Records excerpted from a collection
○ ○ ○ ○ ○
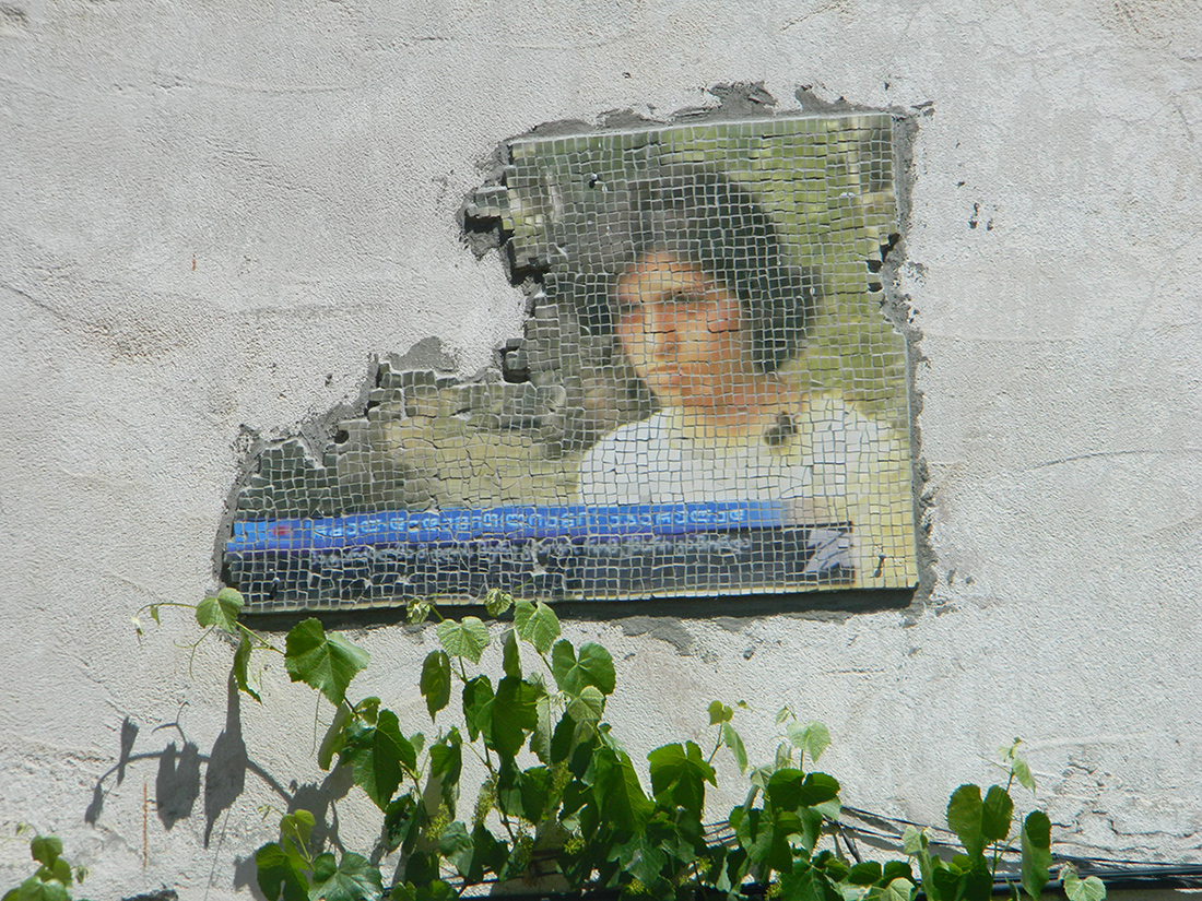 This material is part of the larger group of materials named E=MC2, it has been broadcasted around 2004. it tells the story of a young lady named Mzevinar, who after one month of her marriage was kicked out of her husbands house with reason that she wasn't a virgin moment they got married. Instead of doing what she was supposed to do, that is to involve family elders as it usually happens where mainly man decide how to solve the problem and where primary subject of consideration would be family honor and things like that and only after women and her problem, she went to a court and tried to defend herself with a legal means. That is a clear break from whole generations of tradition,... it is remarkable that this kind of things happened in such a remote areas of mountain Adjaria. Where the family and tribal ties are so much titer and still ever so strong. This is why this mosaic is called dotted line, because the straight line connecting a person (women) to its immediate family has been broken and with a quest for new contract in society, where there are institutions in place instead of tribe - family clan relationships.
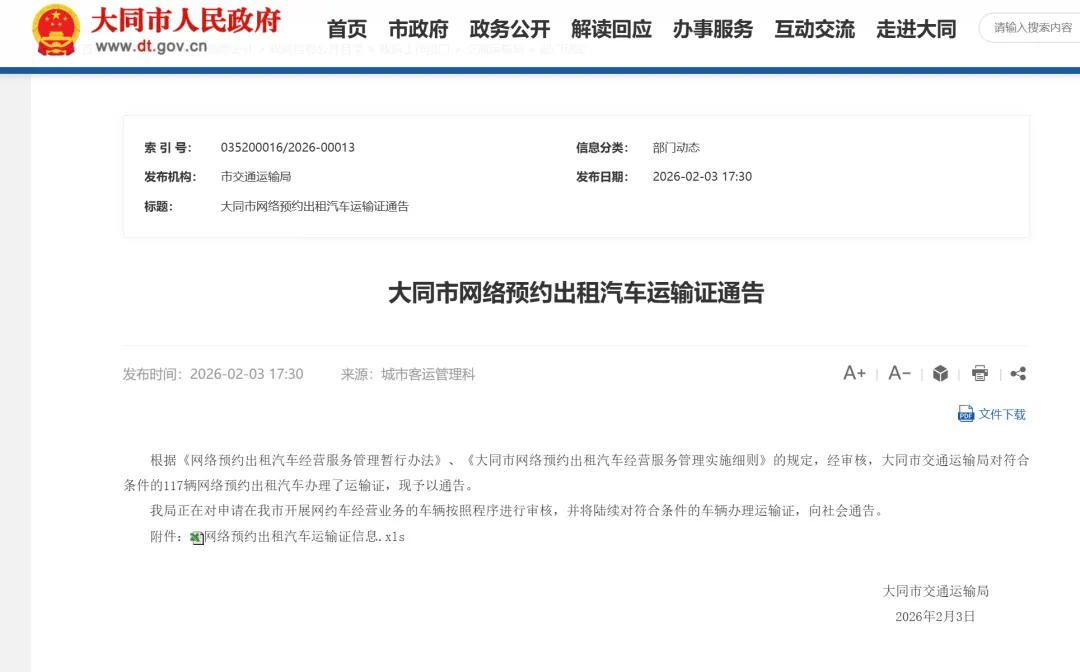 根据《网络预约出租汽车经营服务管理暂行办法》、《大同市网络预约出租汽车经营服务管理实施细则》的规定,经审核,大同市交通运输局对符合条件的117辆网络预约出租汽车办理了运输证,现予以通告。
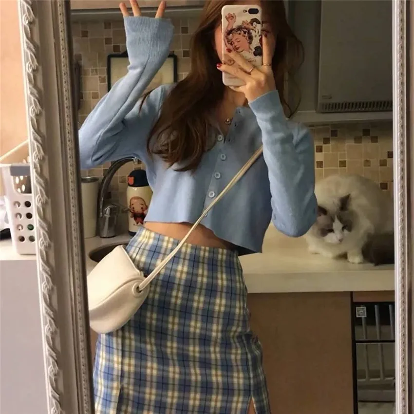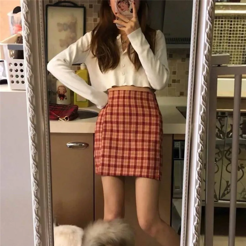 Винтажные фиолетовые клетчатые мини-юбки для женщин 2020 летние корейские офисные женские повседневные Короткие плиссированные юбки Mujer
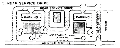 In cases where a site is adjacent to undeveloped property, the site should be designed to accommodate a future frontage road, parking lot connection or rear service drive.
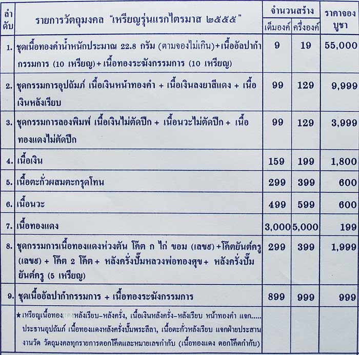 รายการที่เปิดจองมีดังนี้ครับ
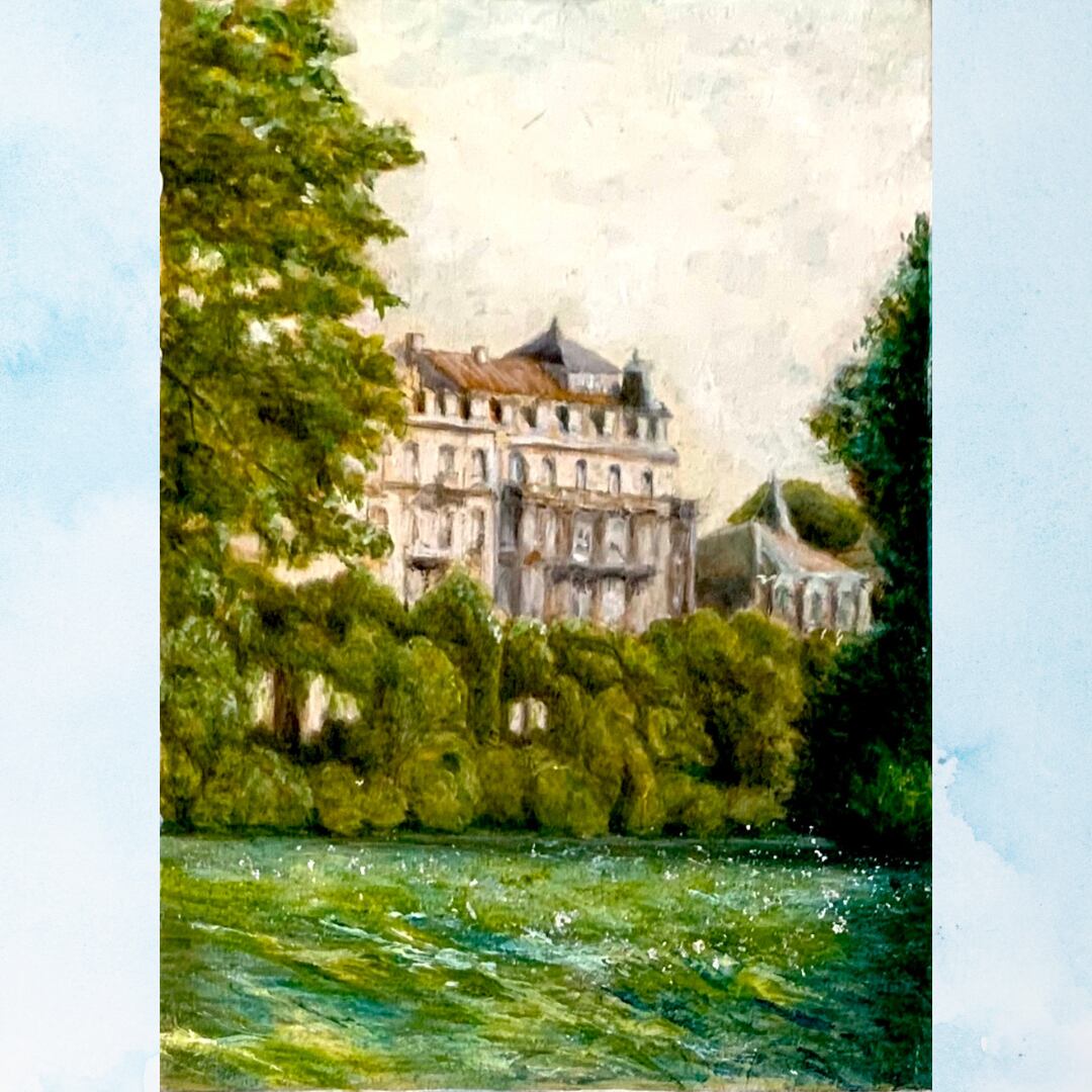 そんな美しい街を油彩とテンペラの混合技法を用いて、鮮やかで優しい絵に仕上げました。
○ ○ ○ ○ ○
What do the lines above say from the line containing "รายการที่เปิดจองมีดังนี้ครับ" through the last line? Quote them exactly, both ends included, and leave out the pictures.

> Solution:
 รายการที่เปิดจองมีดังนี้ครับ
 そんな美しい街を油彩とテンペラの混合技法を用いて、鮮やかで優しい絵に仕上げました。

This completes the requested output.